--- “There is no crime of which I cannot conceive myself guilty.”… Goethe
I'M IN NO HURRY to leave the close-spaced security of the bus, so I lean back in my seat and wait until everyone is out. Then I walk to the front, take two steps down—back in the “real world”.
After four years, three tours in Iraq, and two days of military psych-docs attempting to drive out the bad times with clever talk and good intentions, I am discharged—officially cut loose from a surreal world of free-fire zones and indiscriminate killing.
Citizen X: deprogrammed, purified, and deposited on easy hometown streets.
I am uncomfortable in the uniform, a costume that has defined me for so long—now meaningless. I am a phantom in an empty coat. It’s clear, that in this place, I am lost. Scenes cataloged in heartbreaking detail have no place here. Stories that once burned blood red—gone cold as the ghosts who breathed them.

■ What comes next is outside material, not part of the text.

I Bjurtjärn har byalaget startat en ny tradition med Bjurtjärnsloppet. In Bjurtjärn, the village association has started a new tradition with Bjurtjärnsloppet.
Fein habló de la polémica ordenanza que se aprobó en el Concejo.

The low hum of the idling Greyhound mixes with the fumes of diesel fuel to fill the night air with noisy poison. A skinny panhandler wearing a camouflage T-shirt sits crumpled like lost luggage outside the depot. One of those forgotten people living a half-life just beyond anybody’s caring.

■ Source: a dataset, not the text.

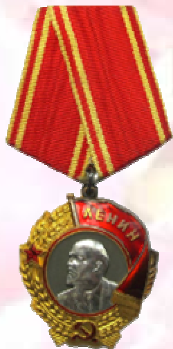
Четыре Ордена Ленина (1957, 1966, 1970, 1973 гг.)

At his side, a wrinkled square of cardboard—a kind of faded-brown American business card. Scrawled across the front is the familiar graffiti, “Out of Work.” One look at this guy and I know he’s done for. The whole fucking story is right there in his eyes—like looking at the floor of the ocean.
He looks up at me as if I could save him.
Standing just out of range of a street lamp, I watch the shadows of tree branches move along the empty avenue. Almost every night, I come to stare at this vacant lot on the corner—the spot where the Lighthouse Baptist Church once stood.
One drunken Saturday night back in 1975 my father, lonely for God, broke into the little wooden sanctuary and doused the whole place with gasoline. Then he took a seat in the front pew, lit a Lucky Strike, and burnt the son-of-a-bitch down around his ears—the last “Zippo Party”.
My father spent most of his life in a rage. When the whiskey was talking, the old man would rave about “search and destroy” patrols wiping out entire Vietnamese villages. When there was no one left to waste, they’d flip open their cigarette lighters, and burn everything to the ground—“Zippo Party”.
“Another shithole gone—a few more “dink” hearts and minds pacified.”
There was a time when I believed my father was a mad man. There was a time when I believed in simple right and wrong. There was a time when I believed in all of the “necessary illusions”. Enough to put my soul on the line. Enough to go out and confront things I did not understand.
Bent under the weight of things that can never be set right, I slide a shaky right hand inside my jacket pocket and retrieve a half-pint of I.W. Harper. I raise a toast to the Lighthouse Baptist Church.
Somewhere a lost dog howls. I step from the curb—a windblown bird into the crazy night.